35 Maple Street is a company based out of Sonoma, California that produces the Masterson’s line of Rye, Wheat, and Barley Canadian whiskeys. Bib & Tucker is the company’s first step into the bourbon business, and it’s a very interesting one.
In an interview with WhiskyCast’s Mark Gillespie, 35 Maple Street’s COO Richard Zeller stated the juice being purchased for this bourbon was an 8-year-old whiskey from Tennessee. Upon its release, however, the bottle states a 6-year age statement and doesn’t mention any state (more from that write up here). If this is Tennessee whiskey that is between 6 and 8 years old, then most likely it came from Jack Daniels, Prichard’s, or the George Dickel distillery.

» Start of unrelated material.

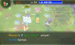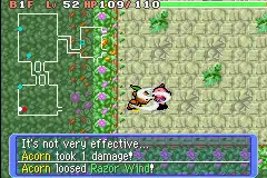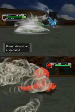 In Red Rescue Team and Blue Rescue Team, and Explorers of Time, Darkness and Sky, Razor Wind is a move with 16 base power, 100% accuracy, and 13 PP, attacking enemy in the front, cutting corners; this move's damage is doubled at the end of damage calculation. Due to being a two-turn move, this move cannot be linked. This move has an increased critical hit ratio.
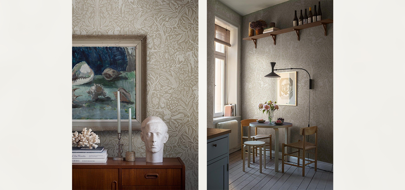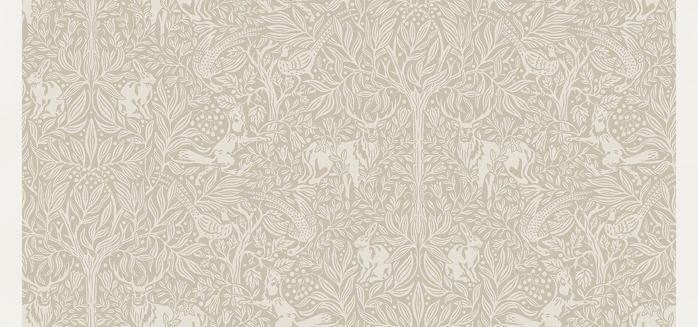 Under the Elder Tree Grand is an enlarged digital reprint of our block-printed wallpaper of the same name. The playful pattern, featuring proud stags and elegant pheasants among the elder leaves, is printed on a truly grand scale – like a large tapestry on the wall.

If the 70% corn mash bill cited on Caskers is correct, then given the 80%+ mash bills that Jack Daniels and George Dickel sport, then my best guess is Prichards…but again, thats just a guess, and probably an uneducated one at that.
The other interesting thing about this bourbon is that it is aged in a #1 char barrel, the lightest of the traditional char levels. This makes for a surprisingly light but complex profile that is pretty unique in today’s market. Ok, I’m skipping ahead, onto the tasting.
Company: 35 Maple Street
Distillery: NDP (Undisclosed Tennessee distillery)
Location: Sonoma, California (bottled in Crestwood, KY)
Mashbill: 70% corn/26% rye/4% malted barley
Age: 6 years
ABV: 46% (92 proof)
Color: Light amber
Nose: If you’ve ever finished mowing your yard and thought “man, I wish I had a bourbon that smelled like this moment”, then this is for you. The aroma of cut grass is front and center on this one, with quite a bit of corn behind it and maybe some green apple floating around in there too.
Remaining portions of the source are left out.